ECLI:NL:RVS:2000:AA9238
Raad van State
- Voorlopige voorziening+bodemzaak
- R.W.L. Loeb
- J.H. Roelfsema
- Rechtspraak.nl
Voorlopige voorziening in hoger beroep tegen uitspraak van de arrondissementsrechtbank te Leeuwarden inzake verwijdering van antennes
Op 10 november 2000 deed de Raad van State uitspraak in een zaak waarin burgemeester en wethouders van Leeuwarden een verzoek om voorlopige voorziening hadden ingediend. Dit verzoek volgde op een eerdere uitspraak van de arrondissementsrechtbank te Leeuwarden van 31 mei 2000, waarin het beroep van een bezwaarde tegen een besluit van de burgemeester en wethouders gegrond werd verklaard. De rechtbank had de beslissing op bezwaar van de burgemeester en wethouders vernietigd en hen in de proceskosten veroordeeld. De burgemeester en wethouders stelden hiertegen hoger beroep in en vroegen de Voorzitter van de Afdeling bestuursrechtspraak om een voorlopige voorziening te treffen.

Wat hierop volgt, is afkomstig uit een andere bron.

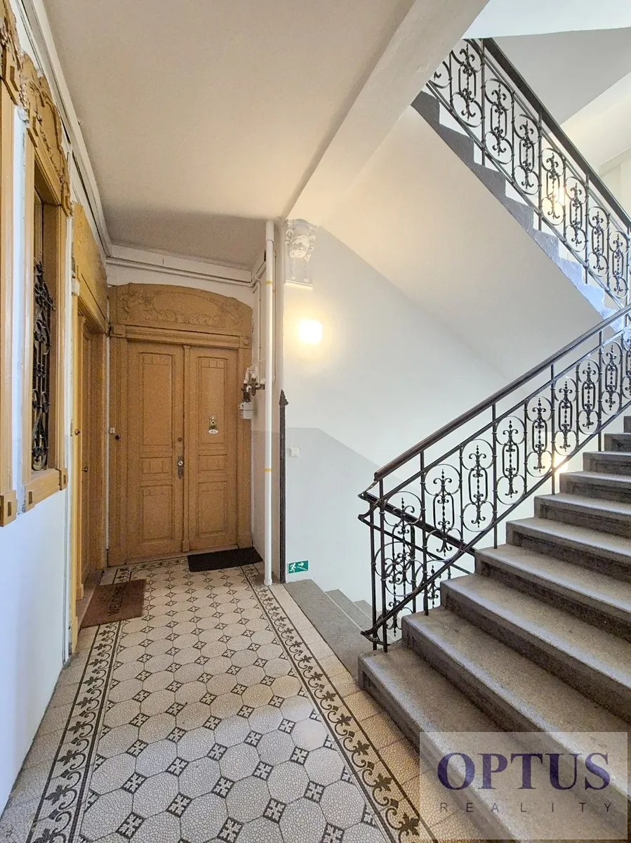 Nabízíme částečně zařízený nadstandardní byt 2 + kuchyňský kout o velikosti 42,68 m2, situovaný ve 2. nadzemním podlaží reprezentativního secesního domu s výtahem. Byt je orientovaný na severozápad s výhledem do dvora.
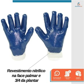 Características técnicas: Confeccionada em malha de algodão tricotada em uma só peça. Revestimento nitrílico na face palmar e 3/4 plantar. Punho elástico. Certificado de aprovação: CA Nº 49.476. Tamanho: 10/XG Cores: Palma, ponta dos dedos e parcial dorso azul, e parcial dorso e punho bege. Normas técnicas: EN 407:2004, BS EN 388:2016 + A1:2018, ISO 21420:2020 Níveis de desempenho: 3211X, X1XXXX Ref.: 7971273 Marca: Starfer Ean: 7891638065096
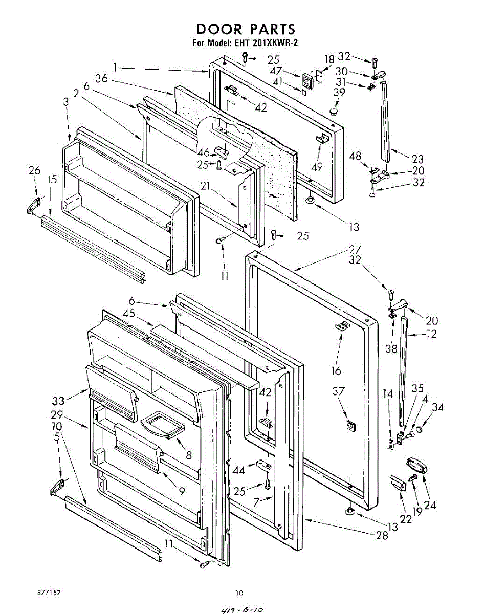 Parts for Whirlpool EHT201XKWR2: 10 - Door Parts
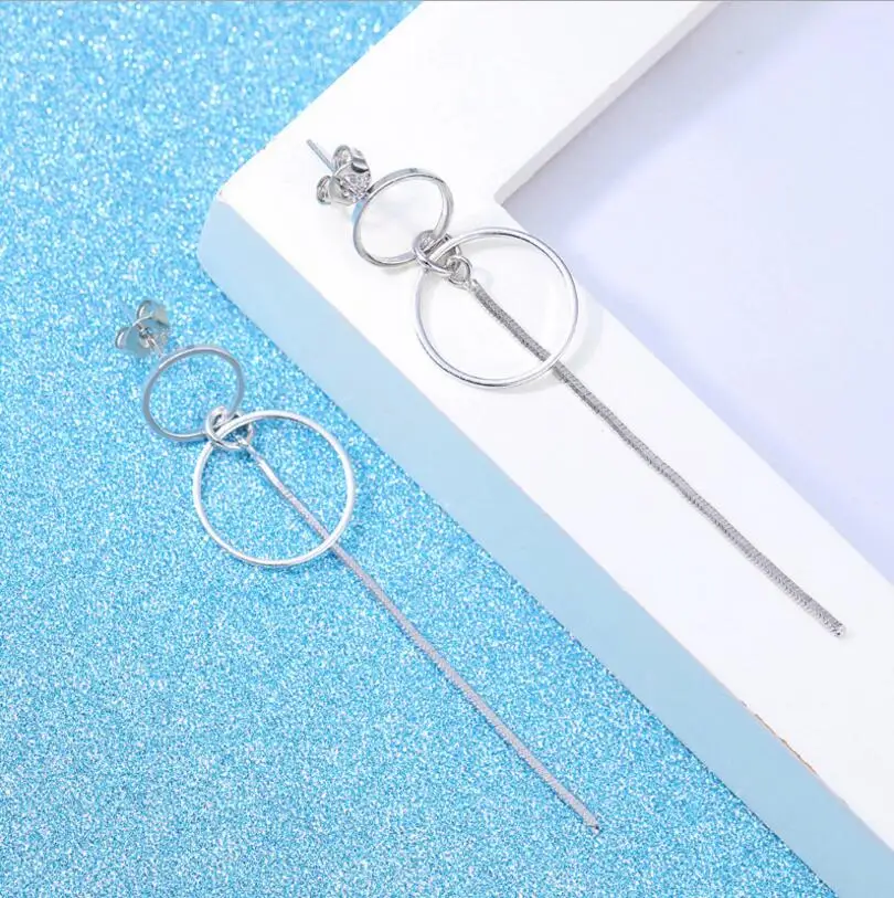 Серебряный цвет двойные круглые длинные серьги-кисточки ювелирные изделия для ушей для женщин модная вечевечерние
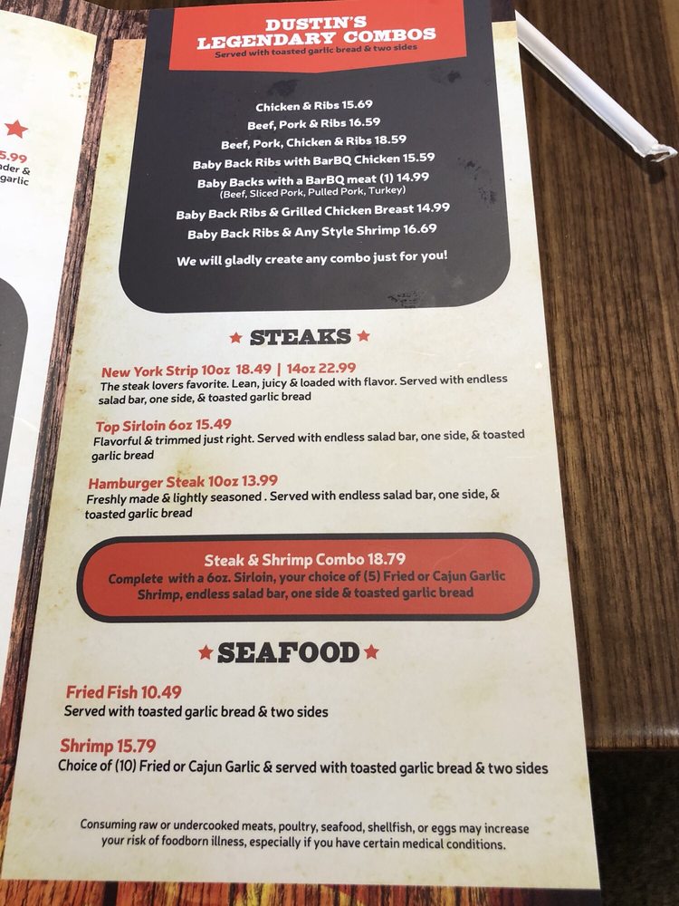 Additionally, the salad bar is a standout, brimming with fresh, vibrant choices that complement any meal. With excellent service from attentive staff like Malissa and Tawny, you'll feel right at home. Discover why locals rave about Dustin's—it’s not just a meal, it's a true BBQ experience!

In de overwegingen van de Voorzitter werd ingegaan op de mogelijkheid om zonder oproeping van partijen uitspraak te doen, omdat het verzoek kennelijk ongegrond was. De Voorzitter oordeelde dat het niet hoeven betalen van proceskosten, waartoe de verzoekers waren veroordeeld, onvoldoende belang opleverde om een voorlopige voorziening te rechtvaardigen. Daarnaast werd opgemerkt dat de vraag of voor de ingekorte antennes een bouwvergunning vereist was, niet in deze procedure beantwoord kon worden. Daarom werd het verzoek om voorlopige voorziening afgewezen.
De beslissing werd genomen door mr. R.W.L. Loeb, als Voorzitter, in tegenwoordigheid van mr. J.H. Roelfsema, ambtenaar van Staat. De uitspraak werd openbaar uitgesproken op dezelfde datum, 10 november 2000.